Monday, March 12, 2012

A Day in the Park


It isn't easy being a kid in foster care. You miss your mom and dad and you miss how your life used to be. Sometimes you also miss siblings who live in different foster homes. Occasionally you even find yourself missing your foster parents when you get moved from one foster home to another.

When you're a foster kid you have a lot of questions; When will I see my mom? Where is my dad? When will I go home? Why did this happen to me? Was it my fault? Along with the questions come lots of big, complicated feelings that come seeping out at unexpected times, in unexpected ways. Stuff that used to be easy - like going upstairs to the bathroom by yourself, or sleeping at night - can suddenly seem scary and overwhelming.

My three are pretty lucky, as far as being in foster care goes. They are together, still go to their same school and get to see extended family regularly. But it still isn't easy for them. All three are wrestling with their feelings about missing mom and dad on a daily basis. One is very sad, another is very angry, while the third is clingy and shy. All of them are trying to come to terms with the conflicting emotions that come from being happy where they are right now, while still wishing they were somewhere else.

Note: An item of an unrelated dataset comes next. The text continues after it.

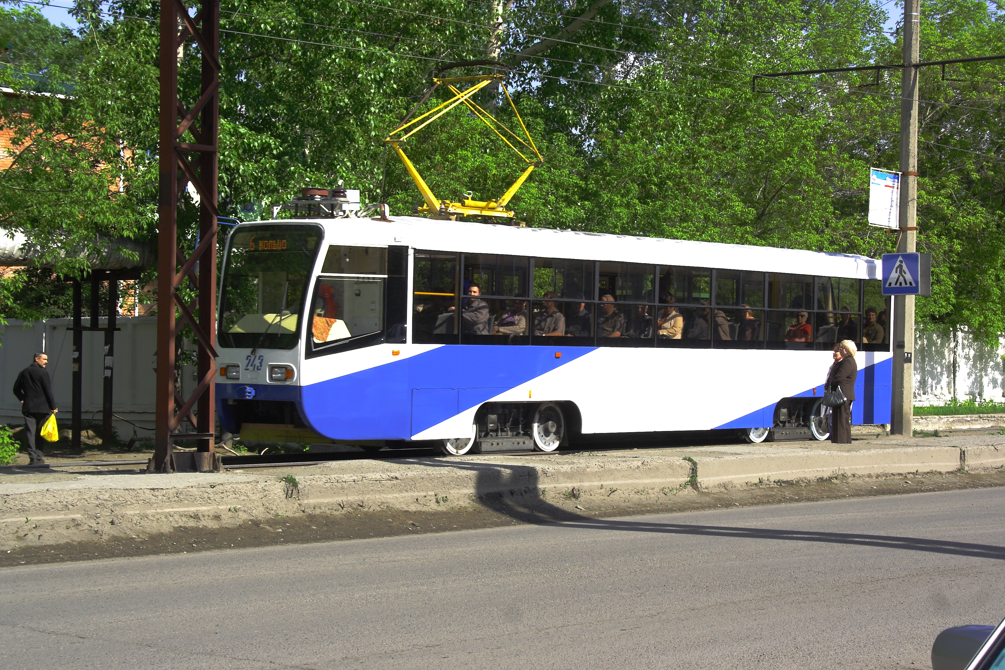 Tram type 71-619 in Biysk

Yeah, being a foster kid really isn't easy. All I can say is thank goodness for sunny days at the park, when a kid can just be a kid - foster or otherwise - running around, jumping off the swings and playing in the sand with other kids.


Friday, March 9, 2012

Thirty Days and We're Still Standing

Post-bath flotsam and jetsam - just one of the many signs of how much my life has changed in the last 30 days

Somebody recently asked my son how he was adapting to suddenly having three little siblings. "The kids are fine." I heard him say. "It is the never-ending cleaning up that is killing me." Boy, did he ever hit the nail on the head with that statement! From the time I wake up, to the time I go to bed at night, it seems I, too, am constantly wiping up, picking up, or sweeping up after the hurricane of destruction that little kids create.

Every day brings new attempts to try to convince certain small people to put things where they belong instead of throwing them on the floor. It has been an uphill battle, I must say. Just this morning I had to repeat "Go put your dirty clothes in the hamper" at least five times to the same child. After she left for school I realized she had picked the clothes up off the living room floor and thrown them on her bedroom floor instead. Not exactly what I was going for.

Twice this week the girls have allowed the baby to eat something inappropriate while I was in the shower. On Tuesday it was lip gloss. Today it was a hot pink magic marker. We have a chart on the fridge for measuring each girl's adherence to the house rules. The penalty for non-compliance is no dessert that night. They did great the last couple of days, but today dessert was off the table before they even left for school.

As draining as caring for three little kids can be, there are moments of incredible sweetness, too. Every single day both girls come home from school with pictures, cards and crafts they made for me or for big brother Evan. When Evan was sick with a stomach bug this week, Princess Jasmine even wrote him a get well song.

These are the moments that make up for the constant cleaning and all the little daily frustrations. Seeing the kids flourish and knowing they're happy here, or as happy as they can be while missing their mom and dad, is what keeps us going.

Yeah, I think maybe we're not doing so bad for only thirty days into this thing.